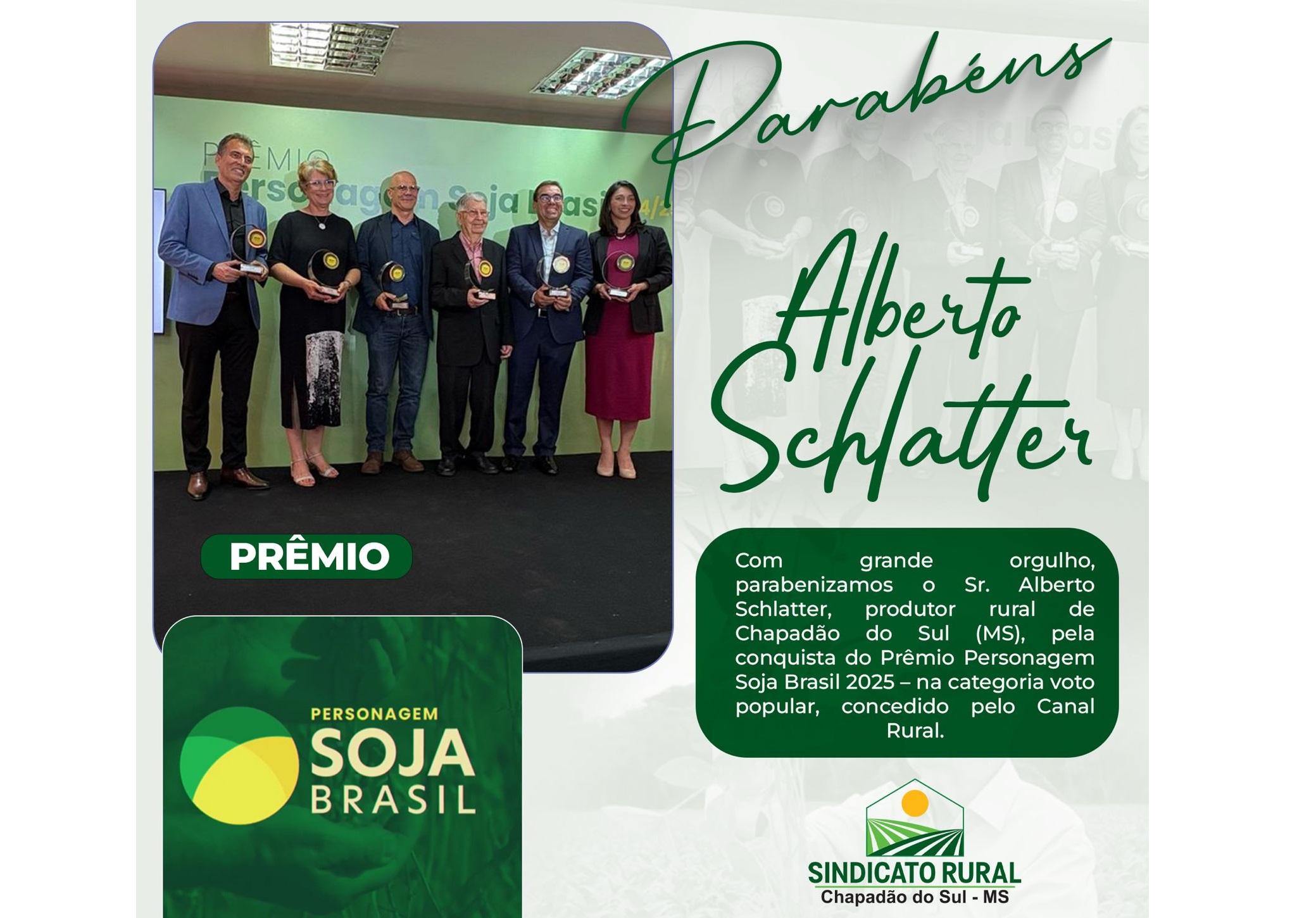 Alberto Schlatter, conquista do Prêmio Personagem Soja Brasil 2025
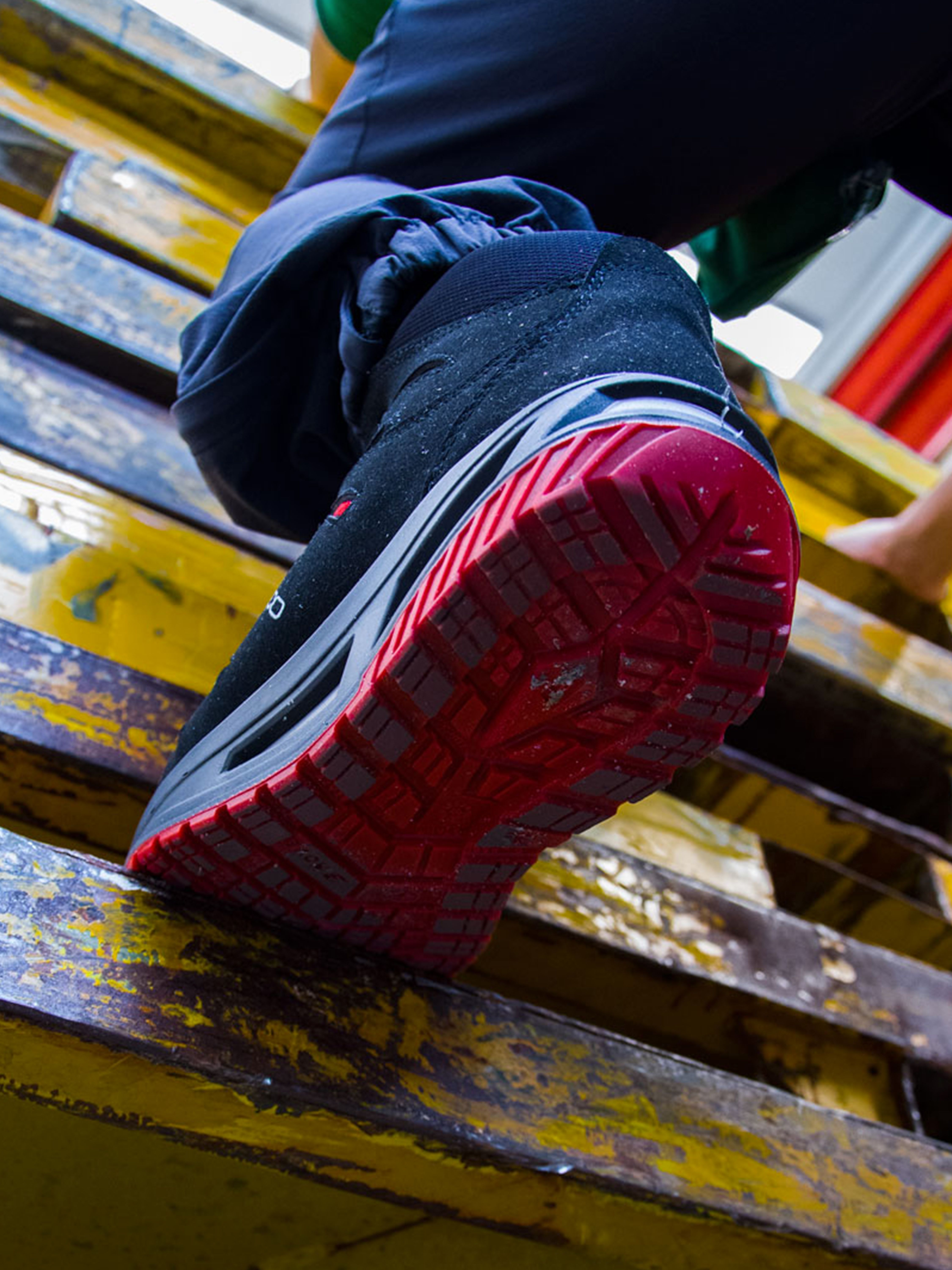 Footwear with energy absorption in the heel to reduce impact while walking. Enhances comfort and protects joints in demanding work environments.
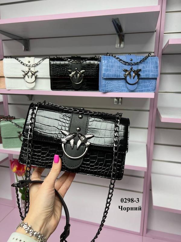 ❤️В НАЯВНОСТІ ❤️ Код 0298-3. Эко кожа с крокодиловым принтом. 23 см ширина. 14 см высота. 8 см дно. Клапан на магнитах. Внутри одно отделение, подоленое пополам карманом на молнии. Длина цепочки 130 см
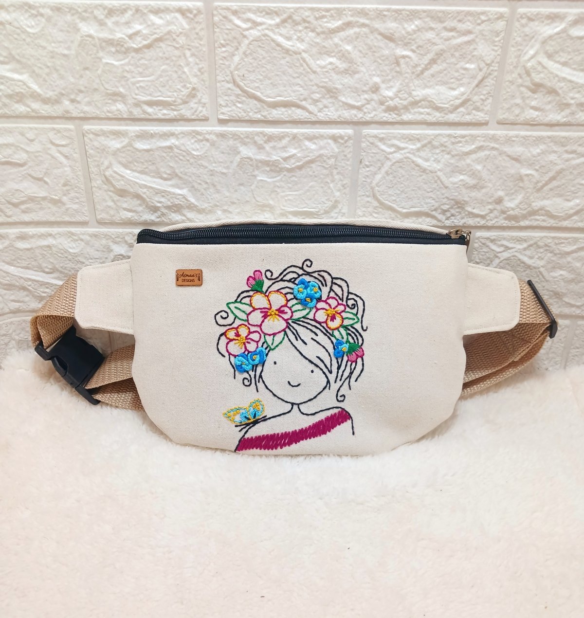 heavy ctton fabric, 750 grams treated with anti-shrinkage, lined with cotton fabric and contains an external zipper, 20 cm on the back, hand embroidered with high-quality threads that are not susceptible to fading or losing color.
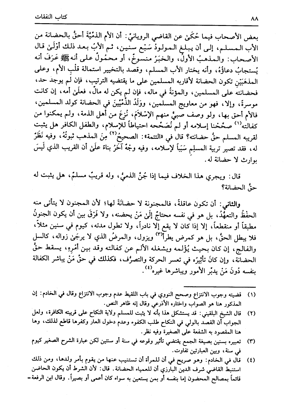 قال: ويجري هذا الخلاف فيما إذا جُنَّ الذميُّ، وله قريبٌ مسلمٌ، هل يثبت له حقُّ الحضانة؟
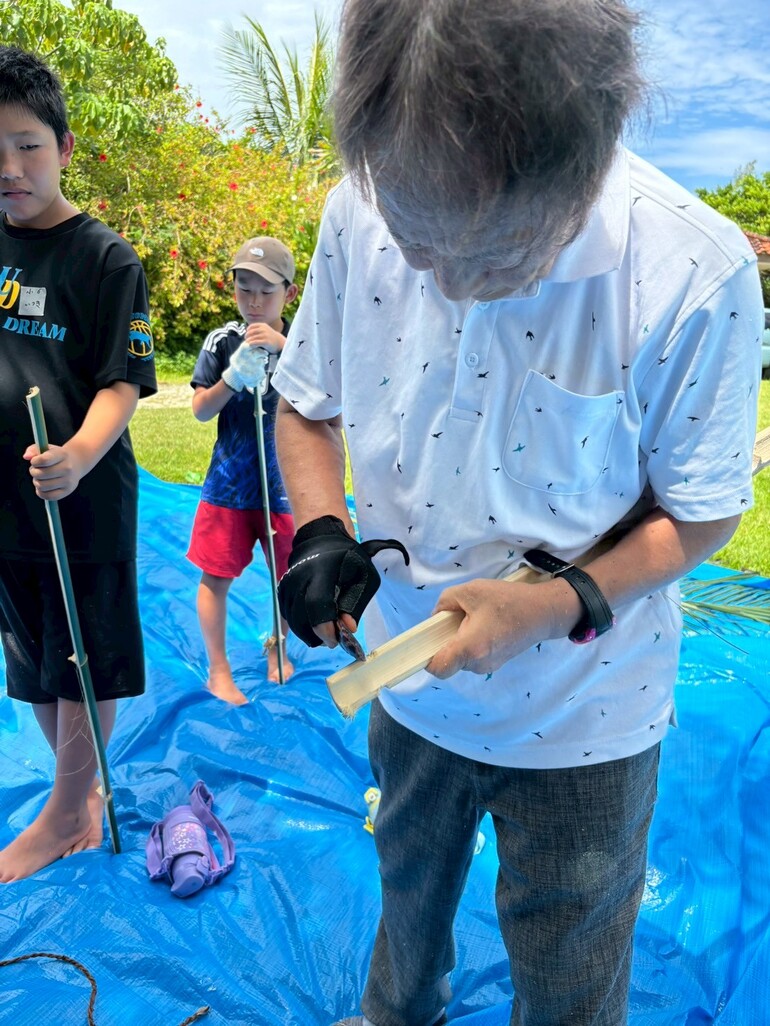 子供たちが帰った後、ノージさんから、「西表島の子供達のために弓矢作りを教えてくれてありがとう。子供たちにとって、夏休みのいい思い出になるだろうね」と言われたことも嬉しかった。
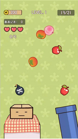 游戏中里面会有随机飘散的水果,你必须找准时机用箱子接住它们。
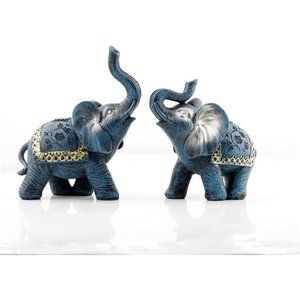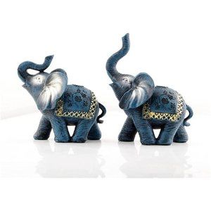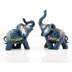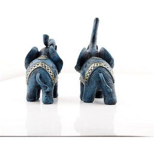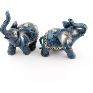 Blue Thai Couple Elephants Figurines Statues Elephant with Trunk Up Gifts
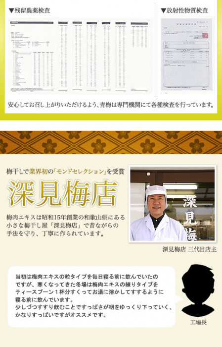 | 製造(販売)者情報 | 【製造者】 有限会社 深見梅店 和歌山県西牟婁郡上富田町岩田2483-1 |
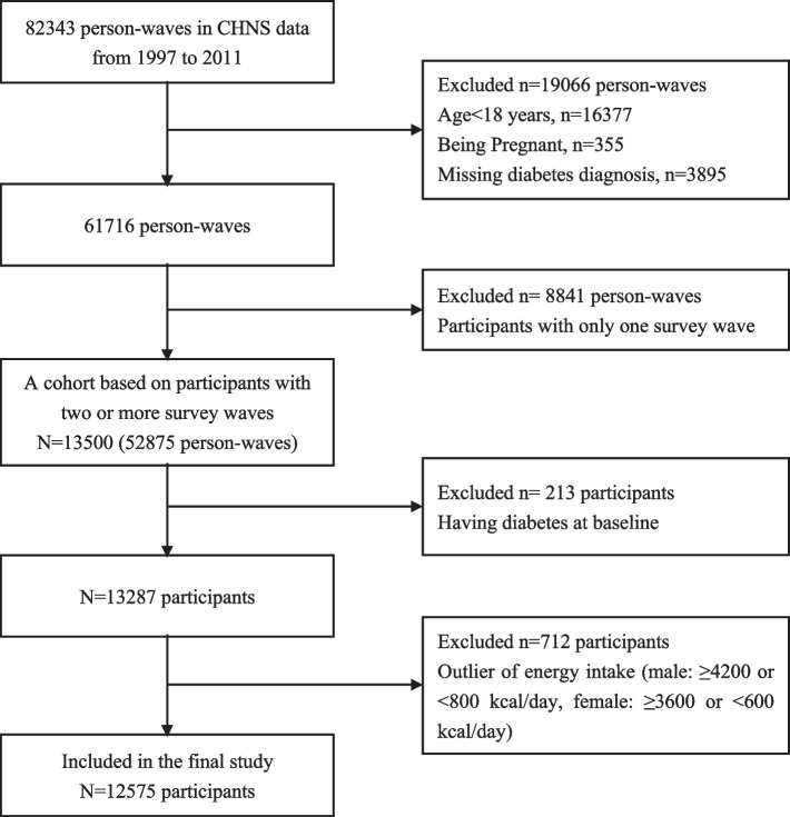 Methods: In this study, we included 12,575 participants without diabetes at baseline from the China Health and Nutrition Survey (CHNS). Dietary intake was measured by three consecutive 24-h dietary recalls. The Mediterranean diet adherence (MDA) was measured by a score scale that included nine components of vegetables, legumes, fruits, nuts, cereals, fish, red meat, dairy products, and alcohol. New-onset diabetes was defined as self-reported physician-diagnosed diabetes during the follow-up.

--------------------

EXERCISE BRIEF => Give the entries above again in full and exactly, but not the pictures.

OUTPUT BELOW =>
 Alberto Schlatter, conquista do Prêmio Personagem Soja Brasil 2025
 Footwear with energy absorption in the heel to reduce impact while walking. Enhances comfort and protects joints in demanding work environments.
 ❤️В НАЯВНОСТІ ❤️ Код 0298-3. Эко кожа с крокодиловым принтом. 23 см ширина. 14 см высота. 8 см дно. Клапан на магнитах. Внутри одно отделение, подоленое пополам карманом на молнии. Длина цепочки 130 см
 heavy ctton fabric, 750 grams treated with anti-shrinkage, lined with cotton fabric and contains an external zipper, 20 cm on the back, hand embroidered with high-quality threads that are not susceptible to fading or losing color.
 قال: ويجري هذا الخلاف فيما إذا جُنَّ الذميُّ، وله قريبٌ مسلمٌ، هل يثبت له حقُّ الحضانة؟
 子供たちが帰った後、ノージさんから、「西表島の子供達のために弓矢作りを教えてくれてありがとう。子供たちにとって、夏休みのいい思い出になるだろうね」と言われたことも嬉しかった。
 游戏中里面会有随机飘散的水果,你必须找准时机用箱子接住它们。
 Blue Thai Couple Elephants Figurines Statues Elephant with Trunk Up Gifts
 | 製造(販売)者情報 | 【製造者】 有限会社 深見梅店 和歌山県西牟婁郡上富田町岩田2483-1 |
 Methods: In this study, we included 12,575 participants without diabetes at baseline from the China Health and Nutrition Survey (CHNS). Dietary intake was measured by three consecutive 24-h dietary recalls. The Mediterranean diet adherence (MDA) was measured by a score scale that included nine components of vegetables, legumes, fruits, nuts, cereals, fish, red meat, dairy products, and alcohol. New-onset diabetes was defined as self-reported physician-diagnosed diabetes during the follow-up.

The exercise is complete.